Selain itu juga para Kades yang dicopot itu diminta menyelesaikan tugas sedangkan ada pejabat yang ada di desa itu. Tentunya tidak bisa menyelesaikan karena ada dualisme kepemimpinan maka itu dikatakan Pjs bukan solusi tapi pembawa malapetaka di desa, karena Pjs juga ada desa yang gagal salur, kesal Edu.
“Pemberhentian Kepala Desa bukannya membawa solusi tetapi membawa penyesatan. Sehingga yang rugi adalah Desa dan masyarakat,”. Pemerintah Kabupaten itu perlu melihat kebijakan yang sesuai regulasi yang ada jangan asal memberhentikan 13 Desa itu.
Syarat pemberhentian Kades itu, pertama meninggal dunia. Kedua, mengundurkan diri. Ketiga, dalam proses hukum tetap. Bukan memberhentikan non prosedural, kalau terkait kasus korupsi pihak Kecamatan melaporkan ke Inspektorat untuk melakukan audit, jika terbukti, kemudian melaporkan ke Pengadilan dan ada putusan inkrah baru lah melakukan pemecatan, tegas Edu Tualaka.

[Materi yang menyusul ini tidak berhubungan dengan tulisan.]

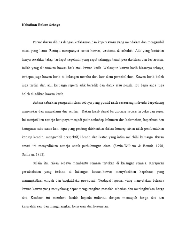 Kajian tentang pengaruh rakan sebaya. Para pelajar yang masih terlalu muda dikatakan berumur setahun jagung dan berdarah setampuk pinang sebahagian besarnya masih belum boleh berfikir dengan matang. 443 Objetif kajian 3. Terdapat dua jenis pengaruh rakan sebaya dalam kehidupan seseorang remaja iaitu pengaruh positif dan pengaruh negatif.

Perlu diketahui juga bahwa Forkades itu bukan organisasi tandingan daerah tapi Forkades itu sebagai organisasi saluran informasi untuk Pemerintah Daerah dalam hal ini pembangunan daerah TTS.
Tim media telah berusaha mengkonfirmasi Kepala Dinas PMD TTS Drs. Christian M. Tlonaen pada Selasa 17 Desember namun tidak ada di tempat. Wartawan juga telah mengkonfirmasi melalui sms dan chatting WhatsApp pribadinya namun belum balas hingga berita ini ditayangkan.
Selain itu juga wartawan berusaha konfirmasi Pj. Bupati TTS pada Senin 16 Desember pagi di Kantor namun Pj. tidak ada di Kantor pada hari itu. Lalu pada Rabu pagi wartawan kembali konfirmasi melalui sms dan chatting WhatsApp pribadinya juga tidak merespon. (*).